The Mellowing of James Lovelock

At a gathering of the Royal Society, James Lovelock professed his admiration for the climate-change sceptics. “I think the sceptics have kept us sane. They have been a breath of fresh air. The science of climate change was rapidly morphing into a fundamentalist New Age religion. Anyway, the role of sceptics in the advance of science is crucial and they should never be simply brushed aside.”

Lovelock places great emphasis on proof. The climate change projections by the Meteorological Office’s Hadley Centre were clearly flawed and the models had been pressed beyond their limit of competence. “How”, asks Lovelock, “can we predict the climate 50 or 100 years ahead when there is so much that we do not know? It is simply embarrassing to hear all these unlikely scenarios trotted out as if they were infallible. It makes everyone involved with climate science look silly.”
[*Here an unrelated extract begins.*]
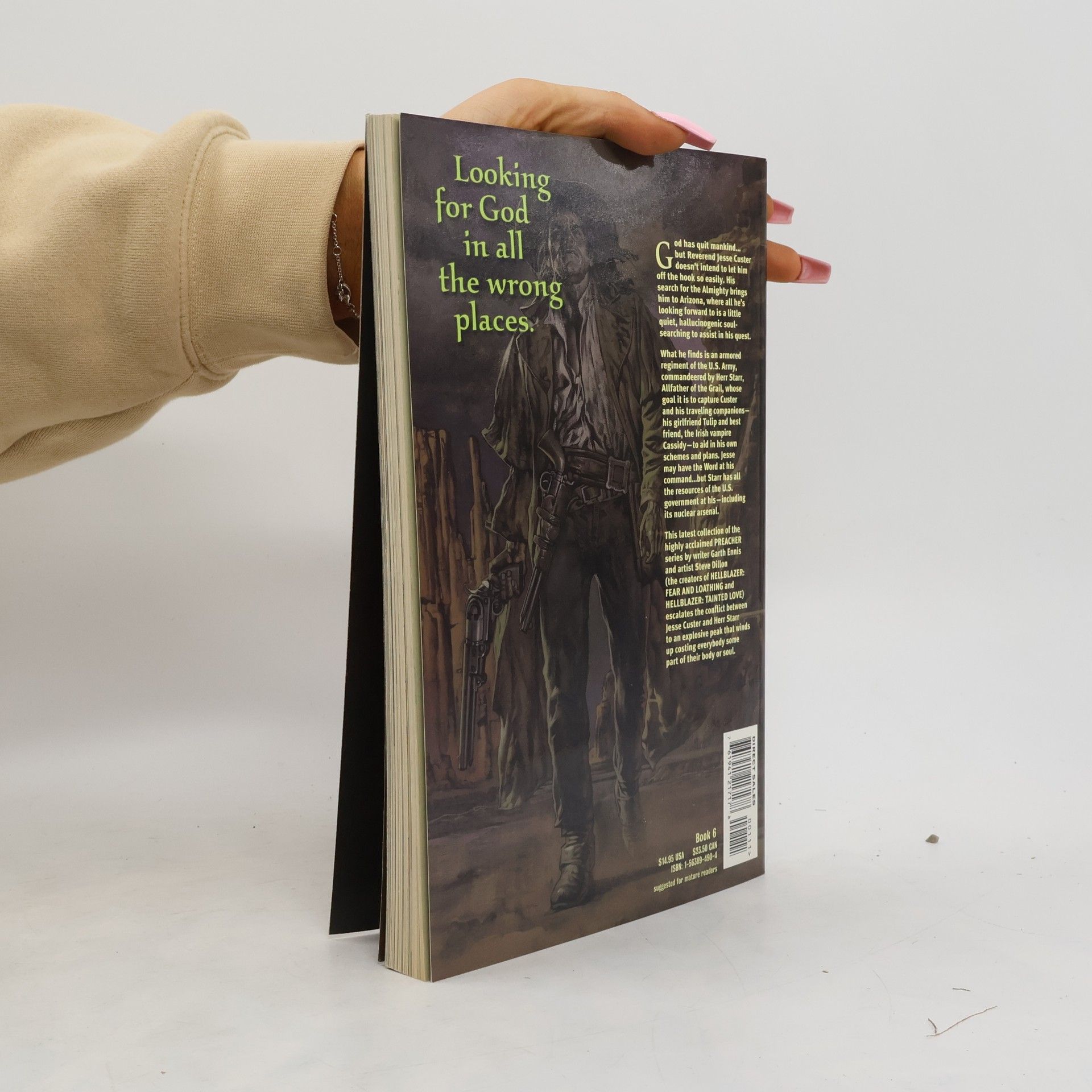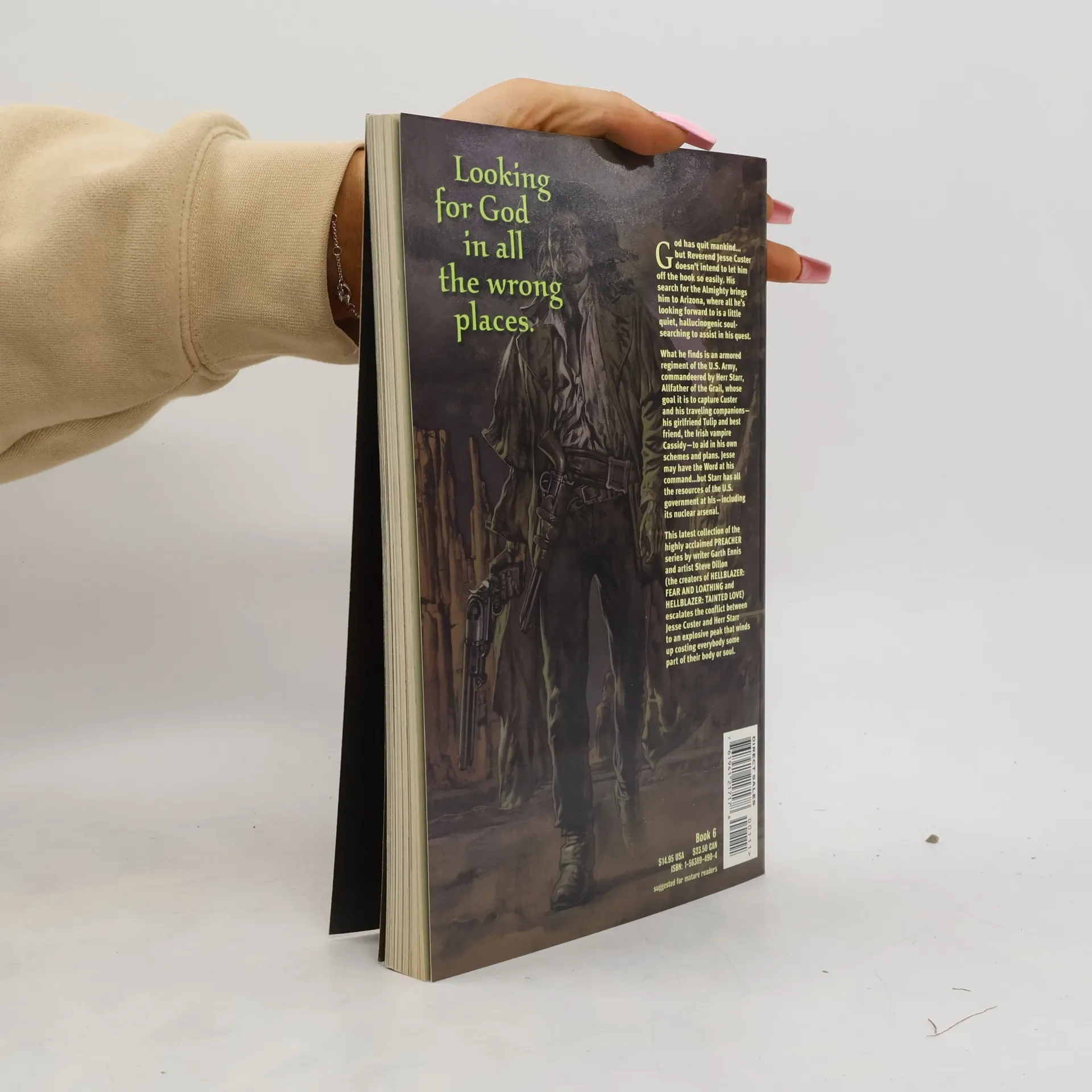 The Reverend Jesse Custer faces his deadliest challenge yet in this, the sixth Preacher collection. Jesse, along with his gun-toting girlfriend, Tulip, and the hard-drinking Irish vampire Cassidy, faces a deadly showdown in the desert with the ruthless Starr and the forces of the U.S. military -- including a nuclear warhead.Collects: Preacher #34–40, Preacher Special: One Man's War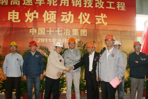 920上午918分,伴随着喜庆的音乐和鞭炮声,马钢高速车轮用钢技术改造工程电炉倾动仪式隆重举行。马钢集团公司董事长顾建国、副总经理高海建、中国十七冶集团总经理喻世功、总经理助理王青山出席了仪式,马钢各参建公司领导、康卡斯特公司马钢电炉项目现场经理古斯塔瓦、马钢电炉厂领导和员工代表以及十七冶马钢项目部员工代表近150人参加了仪式。

In the past, he admitted, he had got carried away and claimed that temperature rises could threaten human civilisation within the lifetime of our grandchildren. He no longer believed such apocalyptic stuff and now had more respect for uncertainties and dismissed as “unhelpful” the 95% probabilities preached by some of the zealots. “We don’t know what’s going to happen so we should enjoy life and do what lies to our hand. For example, in Britain, we could certainly do with more nuclear reactors.”